--- START ---

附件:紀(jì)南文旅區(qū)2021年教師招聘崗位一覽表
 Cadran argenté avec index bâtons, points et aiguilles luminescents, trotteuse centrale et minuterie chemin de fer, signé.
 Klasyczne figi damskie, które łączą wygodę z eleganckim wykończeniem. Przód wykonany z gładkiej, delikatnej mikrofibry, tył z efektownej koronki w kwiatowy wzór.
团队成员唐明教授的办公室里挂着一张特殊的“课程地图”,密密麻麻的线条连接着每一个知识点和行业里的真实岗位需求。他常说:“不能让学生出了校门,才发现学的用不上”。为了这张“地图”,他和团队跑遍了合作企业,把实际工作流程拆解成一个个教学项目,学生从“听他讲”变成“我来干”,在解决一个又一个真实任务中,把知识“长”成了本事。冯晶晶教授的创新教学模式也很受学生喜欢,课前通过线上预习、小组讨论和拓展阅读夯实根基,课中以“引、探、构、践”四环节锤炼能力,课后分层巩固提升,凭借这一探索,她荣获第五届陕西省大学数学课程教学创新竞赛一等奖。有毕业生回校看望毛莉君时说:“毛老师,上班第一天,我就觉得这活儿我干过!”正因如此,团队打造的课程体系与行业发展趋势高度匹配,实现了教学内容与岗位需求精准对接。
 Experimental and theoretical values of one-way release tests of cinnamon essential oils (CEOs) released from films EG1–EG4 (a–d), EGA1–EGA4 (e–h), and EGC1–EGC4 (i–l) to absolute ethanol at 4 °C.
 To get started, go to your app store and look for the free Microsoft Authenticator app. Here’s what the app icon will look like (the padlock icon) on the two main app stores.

--- END ---
--- START ---

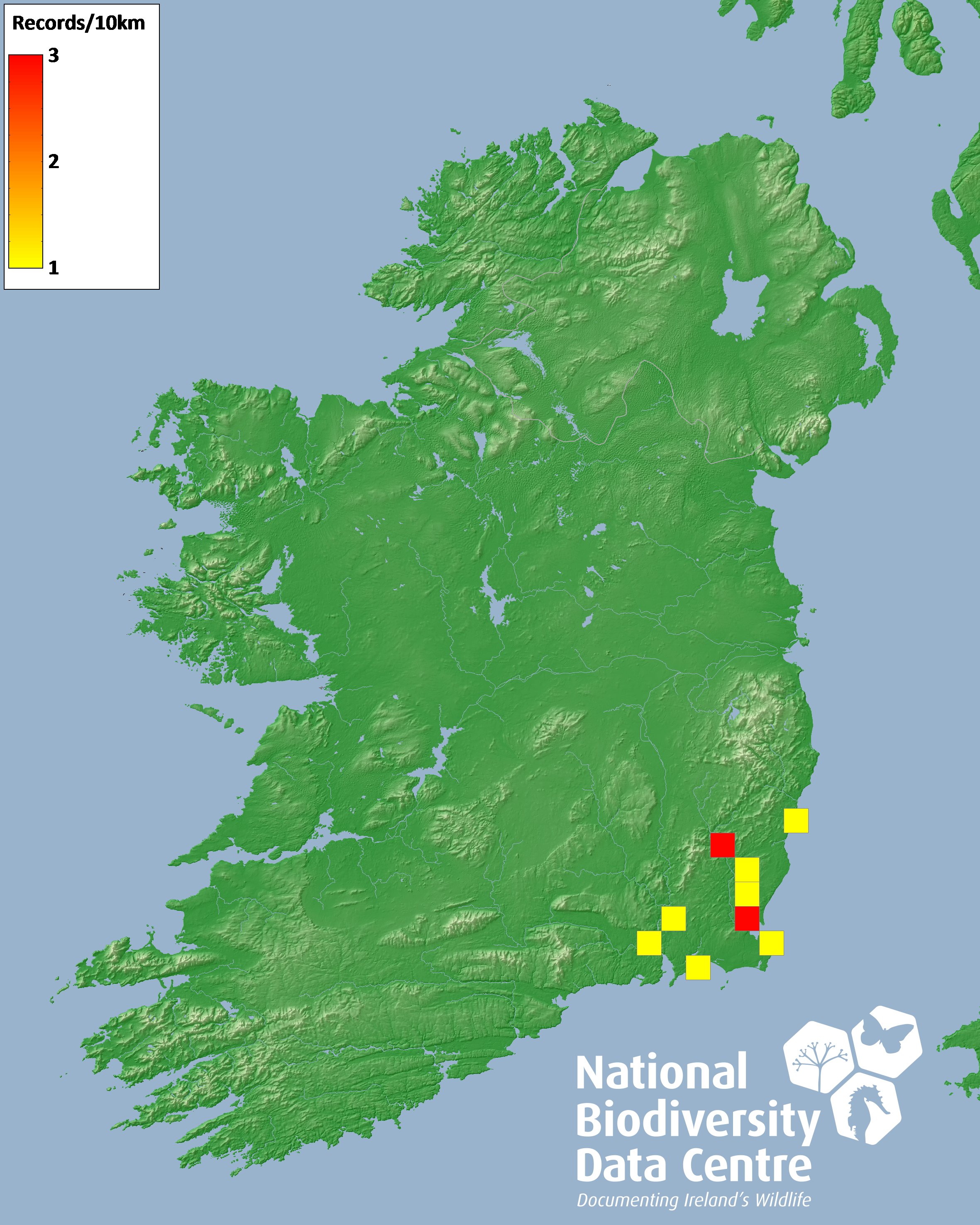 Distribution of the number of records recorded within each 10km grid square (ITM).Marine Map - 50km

--- END ---
--- START ---

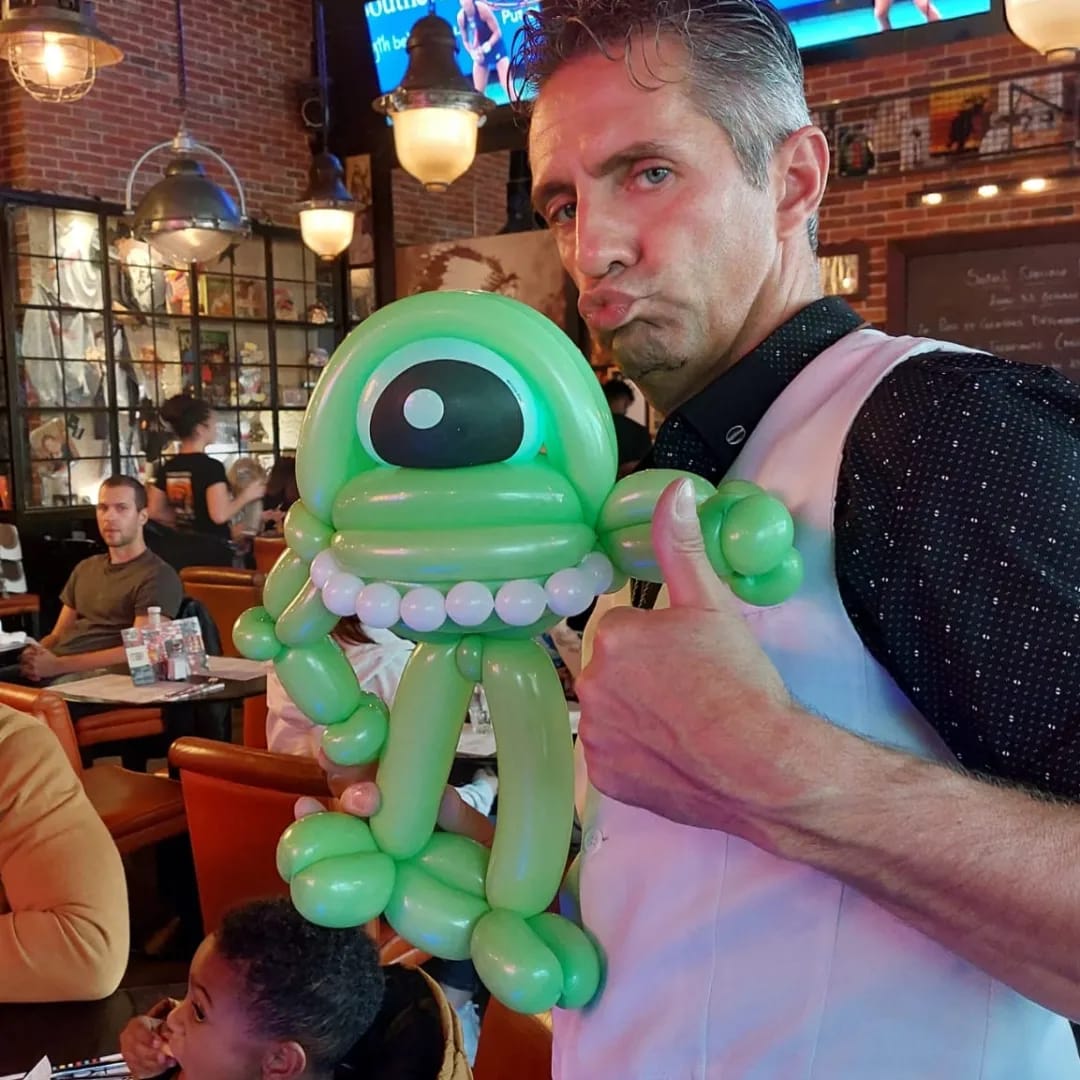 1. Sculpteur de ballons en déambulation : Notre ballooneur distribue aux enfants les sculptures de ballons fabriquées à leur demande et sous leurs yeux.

--- END ---

#### WHAT YOU NEED TO DO:
Reproduce exactly the section above that begins at the line containing "Cadran argenté avec" and ends at the line containing "Experimental and theoretical", leaving out all other lines.

#### SOLUTION TO THIS PROBLEM:
 Cadran argenté avec index bâtons, points et aiguilles luminescents, trotteuse centrale et minuterie chemin de fer, signé.
 Klasyczne figi damskie, które łączą wygodę z eleganckim wykończeniem. Przód wykonany z gładkiej, delikatnej mikrofibry, tył z efektownej koronki w kwiatowy wzór.
团队成员唐明教授的办公室里挂着一张特殊的“课程地图”,密密麻麻的线条连接着每一个知识点和行业里的真实岗位需求。他常说:“不能让学生出了校门,才发现学的用不上”。为了这张“地图”,他和团队跑遍了合作企业,把实际工作流程拆解成一个个教学项目,学生从“听他讲”变成“我来干”,在解决一个又一个真实任务中,把知识“长”成了本事。冯晶晶教授的创新教学模式也很受学生喜欢,课前通过线上预习、小组讨论和拓展阅读夯实根基,课中以“引、探、构、践”四环节锤炼能力,课后分层巩固提升,凭借这一探索,她荣获第五届陕西省大学数学课程教学创新竞赛一等奖。有毕业生回校看望毛莉君时说:“毛老师,上班第一天,我就觉得这活儿我干过!”正因如此,团队打造的课程体系与行业发展趋势高度匹配,实现了教学内容与岗位需求精准对接。
 Experimental and theoretical values of one-way release tests of cinnamon essential oils (CEOs) released from films EG1–EG4 (a–d), EGA1–EGA4 (e–h), and EGC1–EGC4 (i–l) to absolute ethanol at 4 °C.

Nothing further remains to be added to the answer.